Possibilities to represent knowledge

The explicit representation of knowledge is a necessary requirement for pattern analysis systems . In contrast to artificial intelligence , however, the problems of uncertain input data and competing hypotheses arise, so that the control of system activities is of great importance. In addition to AI methods, database systems for organizing knowledge and storing intermediate results are also considered. Various calculi such as fuzzy logic or Bayesian networks are used to evaluate hypotheses .

Qualitative relational representation options

General formalisms of representation

In general, semantic networks are often used because they can be used to build up knowledge bases intuitively and clearly . Furthermore, knowledge representation languages ​​such as KL-ONE , frames or predicate logic are often used.

Speech data analysis

Formal grammars and automata are often used in the field of speech data analysis. For example, the syntactic structure of textually represented language can be efficiently checked for correctness with regard to an LR grammar with an LR parser , in combination with feature structures at the same time the congruence of sentence fragments with regard to case, gender and number by unification .

Image data analysis

The semantic network language offers a special (language) and image data analysis method.

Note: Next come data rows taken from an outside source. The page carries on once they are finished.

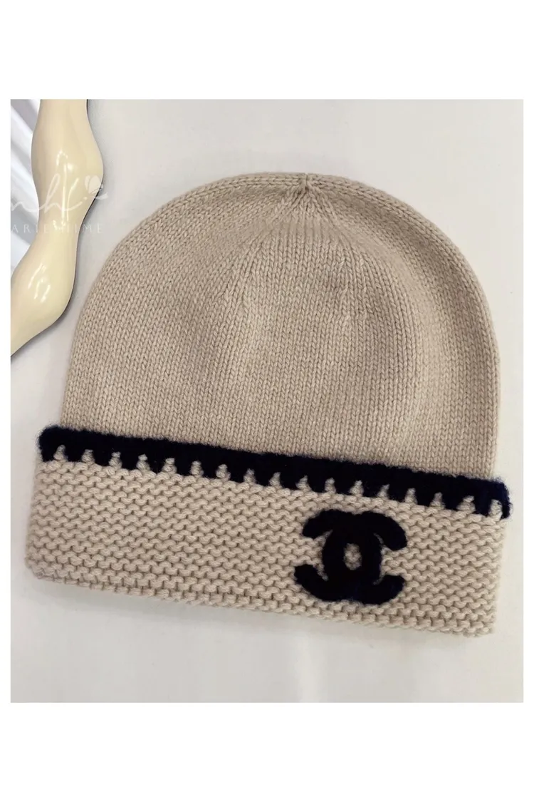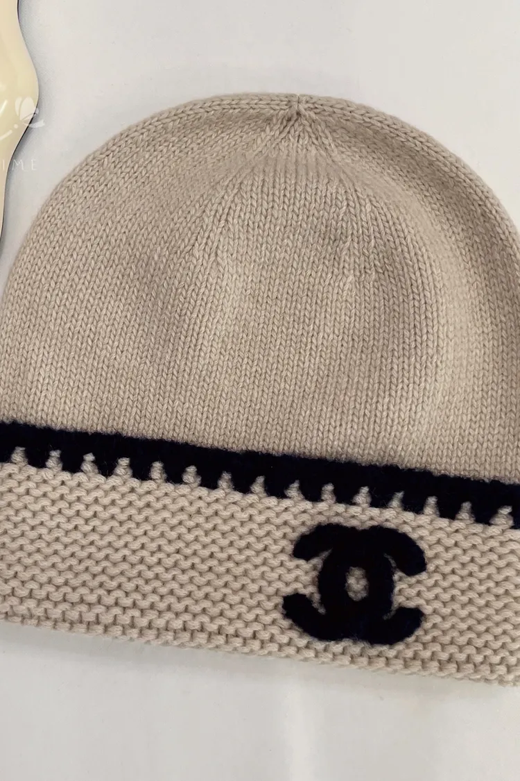 現貨//CHANEL 齒輪邊 雙C 奶茶色 毛帽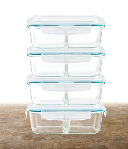 Healthy Glass Meal Prep Containers Set With Lids – 2 Compartment Meal Prep Containers 4 Pack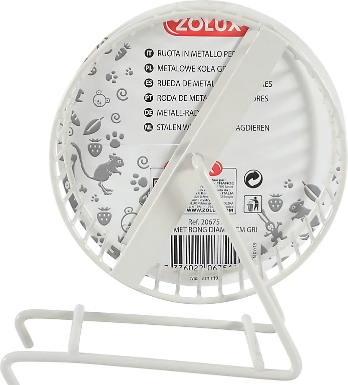 Roue d’exercice en métal pour petits mammifères. Disponible en 2 coloris : beige et gris. Disponible en 3 diamètres de roue : 11cm, 14 cm et 18 cm.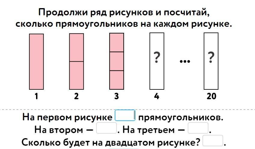 Ответ:в четвёртом будет-4 прямоугольника,а на двадцатом будет-20 прямоугольников.

In image processing , attributed graphs are used to represent 2D or 3D objects. Do you work z. B. on a region-based segmentation, the segmented regions can be represented as nodes and the relationships between regions as edges in the graph. The node attribute would e.g. B. the color value of the region and as an edge attribute the position relation such as "below-from" etc. in question. Graphs for known objects are called model graphs, depending on the scenario there is a more or less large number of model graphs. The aim of the object recognition is to find one or more of these model graphs in the segmented image. If the segmented image is represented as a graph, the task transforms itself into a comparison of all model graphs with the input graph. If the input graph contains a model graph as a subgraph, the search was successful. Mathematically speaking, this is the search for subgraph isomorphism with error correction.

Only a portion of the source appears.